Чайковский Петр Ильич

[25 апреля (7 мая) 1840, селение при Камско-Воткинском заводе Вятской губ.25 октября (6 ноября) 1893, Петербург]

Композитор. В 1850–1859 гг. Чайковский учился в Училище правоведения в Петербурге, в 1859–1863 гг. служил в Министерстве юстиции. В 1861 г. поступил в музыкальные классы Петербургского отделения Русского музыкального общества (с 1862 г. — Консерватория) и в 1865 г. окончил Консерваторию с отличием. В 1866–1878 гг. — профессор Московской консерватории.

Брат Чайковского М. И. Чайковский вспоминает, как Чайковский встретился с Достоевским в Петербурге у композитора А. Н. Серова осенью 1864 г.: «Приблизительно через год после моего первого вечера у Серова (осень 1863 г. — С. Б.) я уговорил и Чайковского пойти со мной к нему (осень 1864 г. — С. Б.). Помню, что в этот раз был в числе гостей Федор Достоевский, много и без толку говоривший о музыке, как истый литератор, не имеющий ни музыкального образования, ни природного слуха» (Чайковский М. И. Жизнь Петра Ильича Чайковского. М.; Лейпциг, 1900. Т. 1. С. 181). Об этой же встрече Чайковского с Достоевским осенью 1864 г. пишет и Г. А. Ларош (Ларош Г. А. Избранные статьи. Вып. 2. Л., 1975. С. 294).

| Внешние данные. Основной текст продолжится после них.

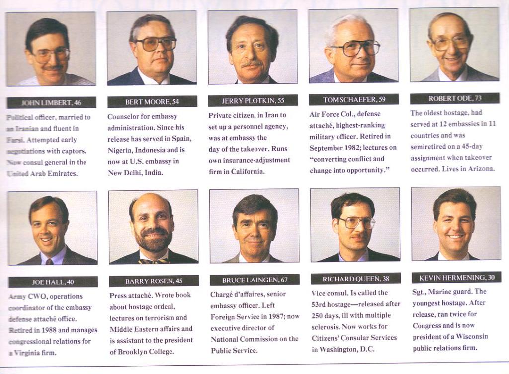 L. Bruce Laingen, 58, Bethesda, MD. Chargé d’affaires. One of three held in Iranian Foreign Ministry.

5 февраля 1873 г. Чайковский сообщил отцу, что «составляет» биографию Бетховена для «Гражданина» (Чайковский П. И. Полн. собр. соч.: Литературные произведения и переписка. М., 1959. Т. 5. С. 301), редактором которого был в это время Достоевский. Очерк Чайковского «Бетховен и его время» печатался в № 7, 8, 11, 12 «Гражданина» за 1873 г.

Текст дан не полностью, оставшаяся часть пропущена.